Building a Beautiful Data Lakehouse

Mar 07, 2022
IT Leadership
dock on lake at sunset
Credit: Dell

Applying artificial intelligence (AI) to data analytics for deeper, better insights and automation is a growing enterprise IT priority. But the data repository options that have been around for a while tend to fall short in their ability to serve as the foundation for big data analytics powered by AI.

Traditional data warehouses, for example, support datasets from multiple sources but require a consistent data structure. They’re comparatively expensive and can’t handle big data analytics. However, they do contain effective data management, organization, and integrity capabilities. As a result, users can easily find what they need, and organizations avoid the operational and cost burdens of storing unneeded or duplicate data copies.

Newer data lakes are highly scalable and can ingest structured and semi-structured data along with unstructured data like text, images, video, and audio. They conveniently store data in a flat architecture that can be queried in aggregate and offer the speed and lower cost required for big data analytics. On the other hand, they don’t support transactions or enforce data quality. If those in charge of managing the data lake don’t create precise processes and metadata for organizing data, the lake can quickly devolve into what’s come to be known as a “data swamp”—a data lake that makes it hard for users to locate data. 

If only there were a best-of-both-worlds compromise. 

Warehouse, data lake convergence

Meet the data lakehouse. It’s a modern repository that stores all structured, semi-structured, and unstructured data as a data lake does. However, it also supports the quality, performance, security, and governance strengths of a data warehouse. As such, the lakehouse is emerging as the only data architecture that supports business intelligence (BI), SQL analytics, real-time data applications, data science, AI, and machine learning (ML) all in a single converged platform.

The open lakehouse architecture implements data structures and management features similar to those in a warehouse directly on top of low-cost cloud storage in open formats, providing:

  • Support for diverse data types, ranging from unstructured to structured data, big data workloads, analytics, and AI
  • Consistency as multiple parties concurrently read or write data
  • BI support directly on source data, reducing staleness, latency, and the operational cost of having two copies of data in both a data lake and a warehouse
  • Open storage formats with API to a variety of tools and engines, including ML and Python/R libraries, which can access data directly
  • End-to-end streaming to enable real-time reporting and eliminate the need for separate systems dedicated to serving real-time data applications
  • Schema enforcement and evolution
  • Robust governance and auditing mechanisms
  • Decoupled storage and compute resources to enable asynchronous scaling.

Challenges of supporting multiple repository types

It’s common to compensate for the respective shortcomings of existing repositories by running multiple systems, for example, a data lake, several data warehouses, and other purpose-built systems. However, this process frequently creates a few headaches. Most notably, data stored in one repository type is often excluded from analytics run on another, which is suboptimal in terms of the results. 
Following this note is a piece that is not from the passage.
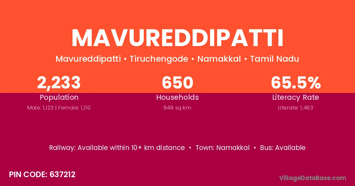Mavureddipatti village has a total population of 2,233 people, of which 1,123 are males and 1,110 are females.

In addition, having multiple systems requires the creation of expensive and operationally burdensome processes to move data from lake to warehouse if required. To overcome the data lake’s quality issues, for example, many often use extract/transform/load (ETL) processes to copy a small subset of data from lake to warehouse for important decision support and BI applications. This dual-system architecture requires continuous engineering to ETL data between the two platforms. Each ETL step risks introducing failures or bugs that reduce data quality. 

Second, leading ML systems, such as TensorFlow, PyTorch, and XGBoost, don’t work well on data warehouses. Data stored in warehouses, then, can’t be part of the multistructured, aggregate dataset, which yields the most comprehensive results. Many of the recent advances in AI/ML have been in improving models for processing unstructured data, which warehouses can’t run. Unlike BI, which extracts a small amount of data and for which warehouses are optimized, ML systems process huge datasets using complex, non-SQL code.

On the data lake side, lack of data consistency makes it almost impossible to mix appends and reads, and batch and streaming jobs. As a result, much of the hoped-for data lake business outcomes haven’t materialized.

Pulling it all together

Data lakehouses are enabled by a new, open system design with data structures and data management features of a warehouse but implemented directly on the modern, low-cost storage platforms used for data lakes. Merging them into a single system means that data teams can move faster, as they can get to data without accessing multiple systems. Data lakehouses also ensure that teams have the most complete and up-to-date data available for data science, AI/ML, and business analytics projects.